### YOUR ASSIGNMENT
Give again, word for word, the lines below that run from the line with "Dokmoka (9 km)" through the line with "Мужской махровый халат". Drop the pictures.

### TASK DATA
# # # # # # #

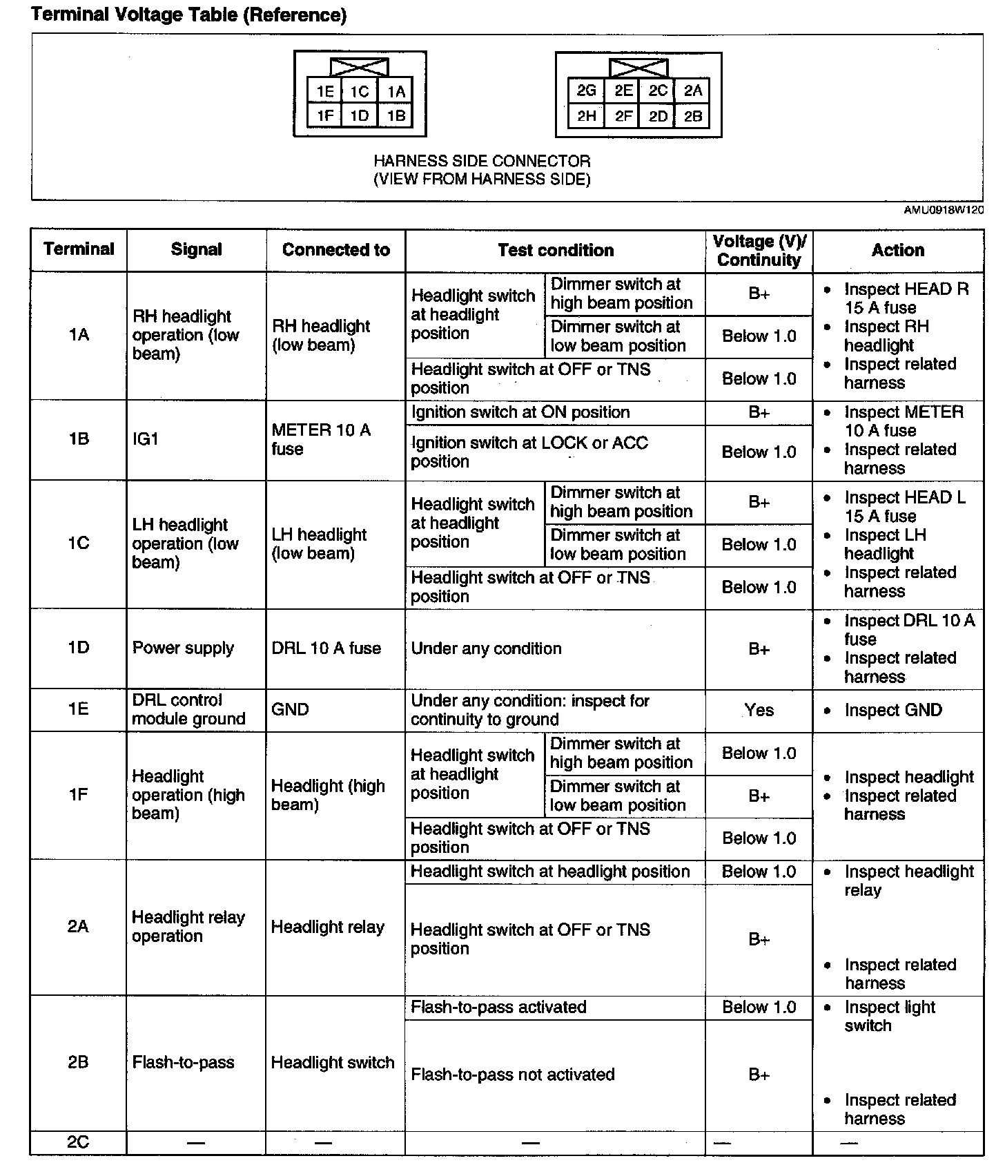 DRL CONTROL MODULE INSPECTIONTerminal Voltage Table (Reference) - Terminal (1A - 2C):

# # # # # # #

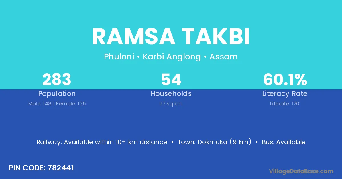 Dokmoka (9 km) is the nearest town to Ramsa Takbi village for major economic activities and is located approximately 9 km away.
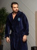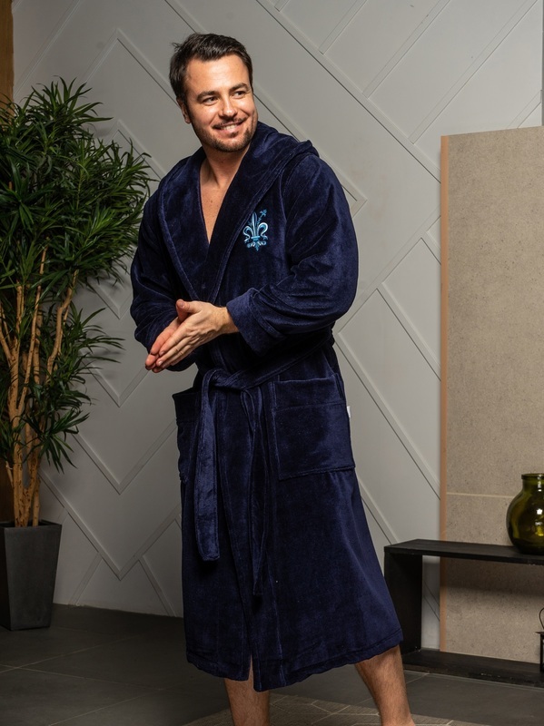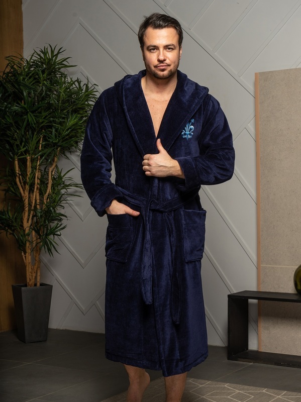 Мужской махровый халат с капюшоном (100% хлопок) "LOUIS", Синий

# # # # # # #

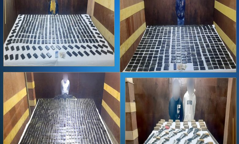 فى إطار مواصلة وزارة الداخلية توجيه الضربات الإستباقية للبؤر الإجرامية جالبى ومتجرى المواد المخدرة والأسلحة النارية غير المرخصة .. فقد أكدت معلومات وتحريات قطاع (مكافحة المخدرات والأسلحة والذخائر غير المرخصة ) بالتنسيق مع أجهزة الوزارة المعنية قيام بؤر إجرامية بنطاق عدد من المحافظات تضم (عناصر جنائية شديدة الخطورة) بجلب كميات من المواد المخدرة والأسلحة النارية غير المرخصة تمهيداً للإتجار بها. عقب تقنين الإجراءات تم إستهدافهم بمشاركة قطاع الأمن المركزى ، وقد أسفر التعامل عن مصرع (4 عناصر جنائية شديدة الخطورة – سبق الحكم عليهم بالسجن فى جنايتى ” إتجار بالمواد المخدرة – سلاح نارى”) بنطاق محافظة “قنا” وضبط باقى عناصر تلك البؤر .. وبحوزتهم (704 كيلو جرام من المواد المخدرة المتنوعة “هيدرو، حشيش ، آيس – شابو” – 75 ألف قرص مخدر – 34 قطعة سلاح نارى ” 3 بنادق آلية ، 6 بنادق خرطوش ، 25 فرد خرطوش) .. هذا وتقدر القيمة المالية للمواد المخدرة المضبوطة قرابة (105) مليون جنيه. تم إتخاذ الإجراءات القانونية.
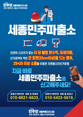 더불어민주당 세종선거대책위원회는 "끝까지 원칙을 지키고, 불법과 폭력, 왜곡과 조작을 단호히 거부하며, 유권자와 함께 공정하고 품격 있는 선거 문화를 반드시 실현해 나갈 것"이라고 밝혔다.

# # # # # # #

### RESPONSE
 Dokmoka (9 km) is the nearest town to Ramsa Takbi village for major economic activities and is located approximately 9 km away.
 Мужской махровый халат с капюшоном (100% хлопок) "LOUIS", Синий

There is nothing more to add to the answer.